You can't restore that which wasn't there.
Home values were false - fraudulently so. They were pumped by charlatans pushing cheap credit and bogus appraisals. The utility value of a home is to give you a place to hang your hat, take a dump and stick your bed where you won't be eaten by mosquitoes while you sleep. This value is, and should be, able to be purchased for an average family for the price of somewhat near or less than one year's family wage, free and clear, without ongoing tax encumbrance. Consider this: What did the settlers of this nation have to pay for their house? On the prairie they were "raised" by the local community in a day or two, then finished by the family over time. Were there 250 man-days that went into raising such a house? Nope. Yet that's the definition of one year's family income, right?
Over time we have thought of homes as financial assets, but they're not. They're shelter. They perform an essential function and as such allowing the nation's banks and other financial wonks, like Galbraith, to get their teeth into them has been incredibly lucrative - for the wonks. For the rest of the nation it has spelled ruin every time it has occurred - 1873 (and before), 1929, and now in 2007. In each case "real property" became the object of monstrous speculative froth unrelated to the utility value of the asset, and in each case economic malaise inevitably followed.

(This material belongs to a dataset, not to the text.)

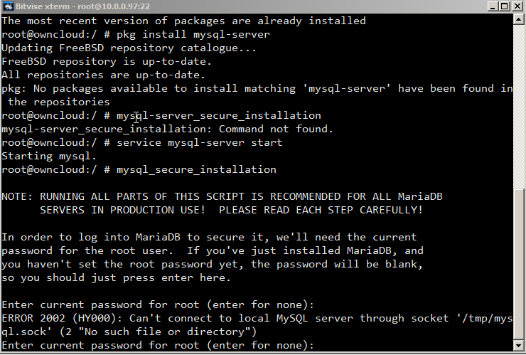 sockstat will show what sockets you have open. also, you installed mysql instead mariadb100, it might a different default socket.Ok. So I started MySQL-server, then tried to run "MySQL_secure_installation" again. I get the same error. See below...

We need to break them up, shrink the financial sector overall, expose and prosecute frauds, and create incentives for profitable lending in energy conservation, infrastructure and other sectors.
That indeed is necessary. But doing so will inevitably cause the speculative froth to come out in all of these asset classes. Homes will contract to no more than 3x incomes on average, and likely lower. If we contract homes to utility value they'll shrink in price to between 1x and 2x incomes, and property taxes will disappear.
This, of course, is anathema to federal, state and local governments, not to mention the very institutions that were responsible for the speculative froth and fraud. It is therefore perhaps a bit disingenuous to call for that which you know must happen while at the same time stating that we must restore bubble values to certain asset classes, for both cannot happen at the same time.
Either way, until we have effective financial reform, public budget deficits are the only way toward economic growth.
Deficit spending is not economic growth. If I lose my job and use my credit card to sustain my lifestyle, I have not experienced "economic growth." Quite to the contrary, should I represent to anyone - including myself - that my economic situation is stable or improving through such a display of abject stupidity all I have done is perpetrate a fraud upon those who I communicate such a claim to.
The sort of vacuous nonsense that Galbraith displays is why we're in this mess. For the good of our nation this sort of stupidity must be banished in favor of embracing the truth: we have not lived in a nation of economic progress based on innovation and production for three decades, and we cannot return to a stable economic condition until the speculative froth - and the debt it engendered - is removed from our financial and economic system.